Sand Storm, a film about bedouin people living in the Negev desert, shows women in a family struggling against traditional male dominance, in this case of head of the family Suliman (Hitham Omari). His wife Jalila (Ruba Blal-Asfour) is extremely displeased when he chooses, as he is still permitted by custom, to marry another, younger, woman (Shaden Kanboura). At the same time their daughter Layla (Lamis Ammar) turns out to want to marry Suleiman (Jalal Masarwa), a handsome young man she has met on her own, at school. This is a hybrid culture, it seems, and having been allowed to go to school (as well as carry a cell phone and take driving lessons), Layla has developed independent ideas. Her mother is the first to be outraged. But later, she sides with her daughter when her husband announces he will marry her off to a man of his choosing, someone his wife doesn't approve of. She condemns him as ineffectual and of poor judgment; and for this she is "banished," sent away from home to another location and separated from her children.

Sand Storm is shot in vérité style using authentic locations and local people. It is so minimal in manner, beginning in medias res, moving rapidly from scene without ceremony, Todd McCarthy of Hollywood Reporter complained he was never told where this was, who these people were, even what language they speak. Israeli viewers probably would know these things, and responsible viewers might apprise themselves of them before watching the film. And Sand Storm is deft and economical in its storytelling and efficient in making its points.

Before this first feature, the filmmaker has done several short films, at least one of which shows her working already with bedouin people in the Negev. So she is not a stark interloper. And there is little doubt of the sincerity of her intentions. However, she is Jewish and an Israeli. As a Palestinian wrote about the film in Haaretz, there is something patronizing in choosing to "speak in the name of the Other." One can't help pondering the fact that this film has won a raft of Israeli Ophir awards and been chosen to represent the country in Best Foreign Oscar competition, when it is a film about Arabs made by an Israeli that depicts them at their most backward and misogynistic.

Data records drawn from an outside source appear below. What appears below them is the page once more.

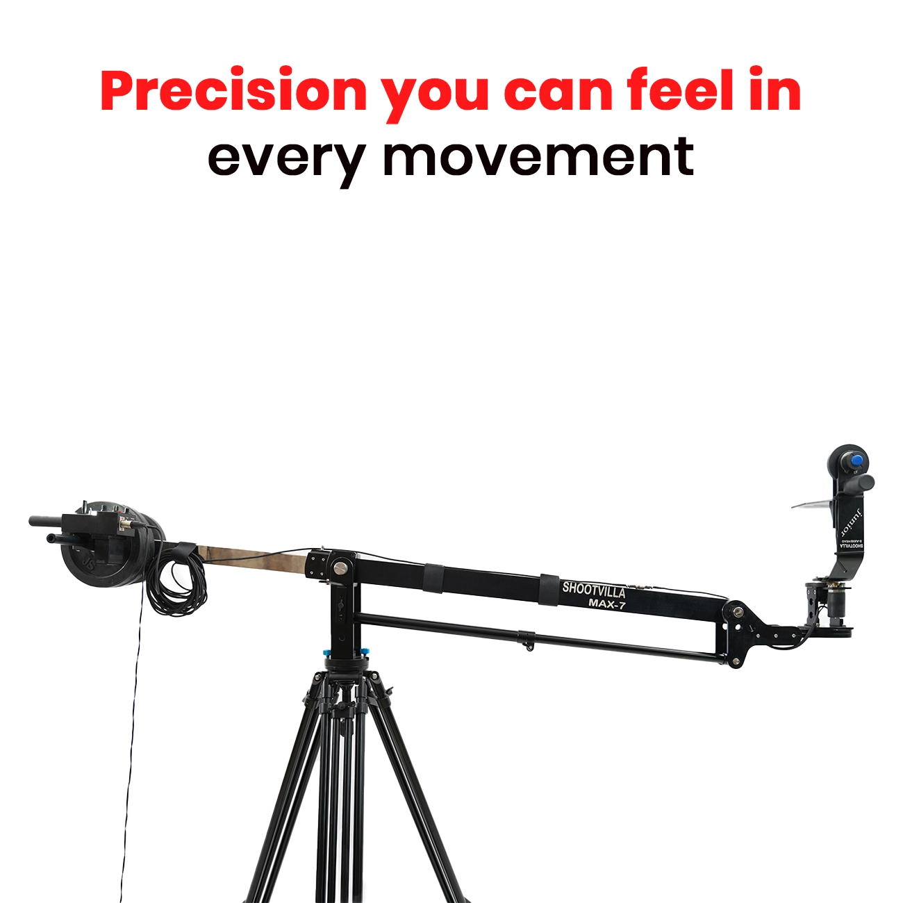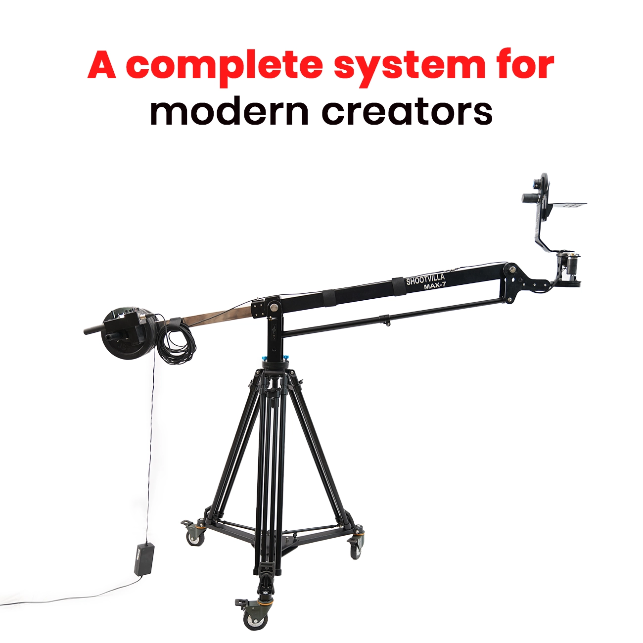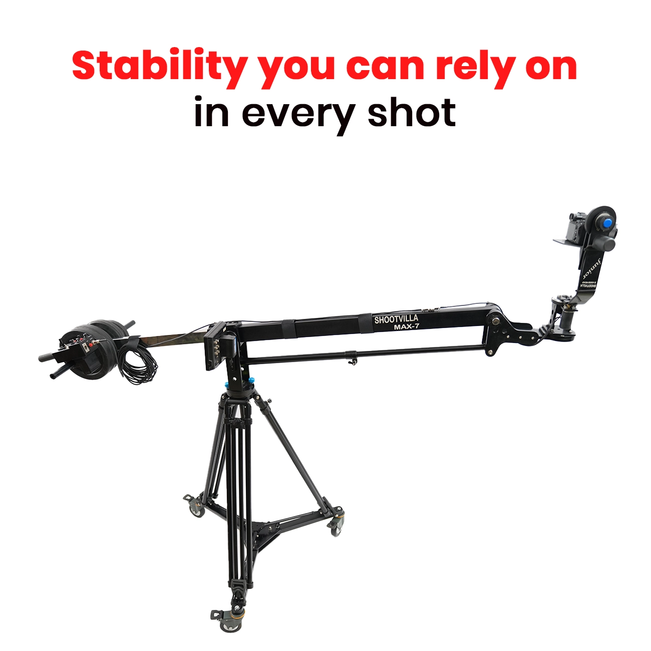 The Shootvilla Max 7' Video Jib Crane Package helps creators capture smooth sweeping pans and rising camera shots more effectively. Moreover, its portable design supports both indoor and outdoor filming, so users can move between locations with greater ease. The jib also extends backward with a stainless steel extension, and therefore it gives the operator better control while framing shots.
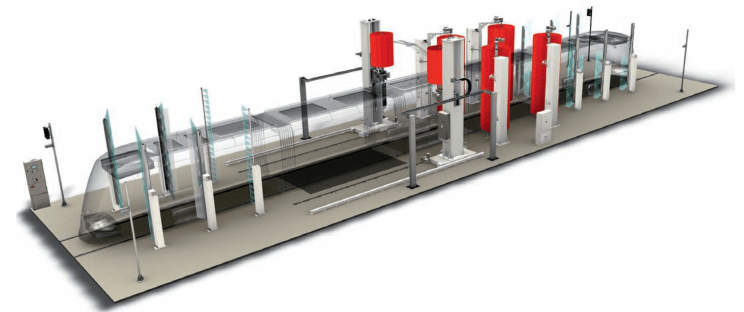 Railgebonden voertuigen zoals trams metro’s en treinen, maar ook trolleybussen hebben behoefte aan gespecialiseerde wasinstallaties.
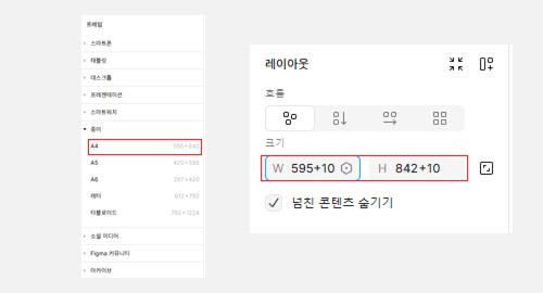 프레임 옵션 에서 [종이] - [원하는 사이즈]를 선택하시면 재단사이즈 기준의 프레임이 만들어집니다.

One also can't help comparing Sand Storm, with its bare-bones style and rough hand-held camerawork, to Rama Burshtein's 2012 very polished Israeli film Fill the Void, which is all about the vicissitudes surrounding an ultra orthodox Jewish wedding. Arguably ultra orthodox customs surrounding woman are just as backward and misogynistic, in their own ways, as the bedouin of the Negev. (A big difference is that Fill the Void shows male society as making collective decisions, whereas the middle-aged patriarch of Sand Storm, Suleiman, who seems partly just as mediocre to us as he is in the eyes of his first wife, is acting on his own, not that this is necessarily a real difference between the two societies.)

In Sand Storm everything is crude and primitive. The look of things is modern, but there is no outside electricity or running water. Instead of the beauty of traditional primitive life, of robes and tents, the surroundings are simply harsh and ugly. There is no elegance or beauty about the look of the film. Not so with Fill the Void, a soft, glossy, pretty-pretty film, which comes off as a sort of visual commercial for ultra orthodox life. And it makes conscious reference to Jane Austen. The bedouin in Sand Storm are allowed no such genteel literary antecedents (though Arab culture, both urban and desert, has a rich literary tradition behind it that westerners know nothing about). Fill the Void was included in the Main Slate of the 2012 New York Film Festival. But I was impressed that when the independent minded Mike D'Angelo saw it at Cannes he rated it very low and summed it up as "Like watching a film about freed slaves who opt to remain on the plantation for the good of the white family." Sand Storm is also a dubious artifact, an ethnographic drama about Arabs made by an Israeli woman, and celebrated by Israeli Jewish viewers. In search of the exotic, they have embraced also something that supports their stereotypes.

Though the language of the film is Arabic, its original title, Sufat Chol, is Hebrew.

Sand Storm/Sufat Chol, 87 mins., debuted at Sundance Jan. 2016, winning the World Cinema Dramatic award (as well as many Israeli film awards); showing at 11 other international festivals, opening theatrically in Israel 15 Sept. 2016 and the US (NYC, Film Forum) 28 Sept.